Joe Stather, Information and Intelligence Manager EMEA, CBRE Hotels, said: “Germany remains a hot market for hotel investment and has taken the long-standing mantle from the UK which has dominated investment volumes in the last decade. The strong growth has been driven by over ten notable deals in Q2 including a significant portfolio transaction. Interest is coming from a diverse array of investors, including REITs, institutions, private equity and dedicated real estate investors.”
Y-o-Y, the UK hotel real estate investment volumes saw a decline of 76% but in spite of this fall, fixed-income investment remained buoyant as investors continue to be attracted by the security of income. The UK leased hotel environment includes a number of hotel operators with highly regarded covenants and offering 25-year index-linked leases. Recent deals to reflect this trend include the sale of the Travelodge hotel in Liverpool Street, London for €48.4m (£42m) which was one of the few transactions post the UK’s EU referendum and demonstrates the high and resilient demand for leased hotel assets. The hotel development pipeline expects that over €2.3m (£2bn) of fixed-income stock is due to enter the regional UK market in the next three years.

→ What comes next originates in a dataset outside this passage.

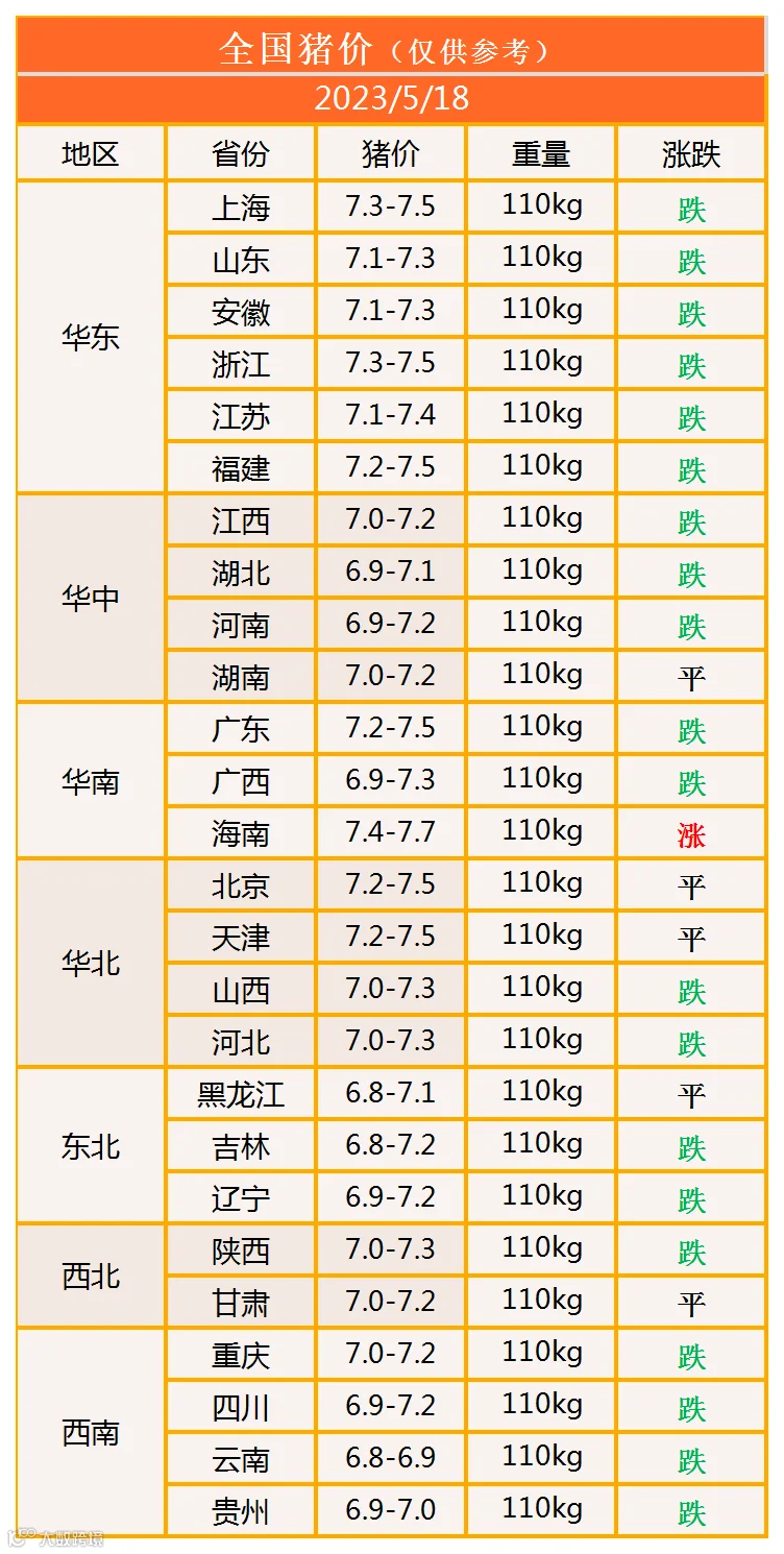 明日猪价2023年5月18日猪价信息

France recorded 25% Y-o-Y growth in the second quarter of 2016 with deal volume totalling €508m in the first six months of 2016. Transaction volumes were largely boosted by a number of deals on assets outside Paris. Recent investment activity has been focused on resort locations and the more leisure driven South of France region. The UEFA Euro 2016 football championship which was held in France in June also gave an uptick to hotel cash flows in many cities, and particularly in Paris.

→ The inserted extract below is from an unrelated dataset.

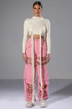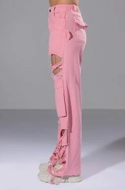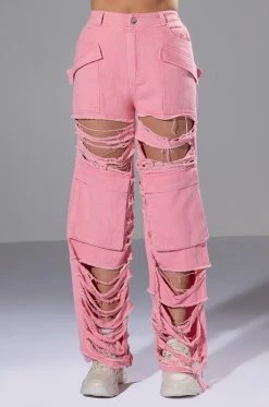 Sisterhood of the traveling cargos. The AKIRA Label Besties Favorite Distressed Cargo Pants are a vibrant take on cargo denim featuring a high rise waist, slant side pockets, dual flap front cargo pockets, a wide leg silhouette, and ultra-distressed detailing along the thighs and shins. Complete with a zip button front closure and a cinched elastic back waistband. Pair this piece with a button down and loafers to finish off your amped-up casual look.

Other notably deals which have taken place in H1 2016 include the sale of the Pullman Barcelona Skipper hotel, CBRE advised AXA Investment Managers – Real Assets, on behalf of its clients, to a Luxembourg based investment fund.
Irina Ushakova, Senior Director, Head of Capital Markets Department, CBRE in Russia, commented: “Investor interest in the hotel sector in Russia remains rather high predominantly generated by local, Asian and Middle Eastern buyers. Despite substantial difference between buyers and sellers pricing expectations, in H1 2016 we have recorded hotel investment volume of $565m or €496m (driven by one large deal, sale by Sberbank to the local purchaser of Gorki Gorod ski-resort in Sochi, Krasnaya Polyana for $467m or €410m) and anticipate further closings before end of the year.”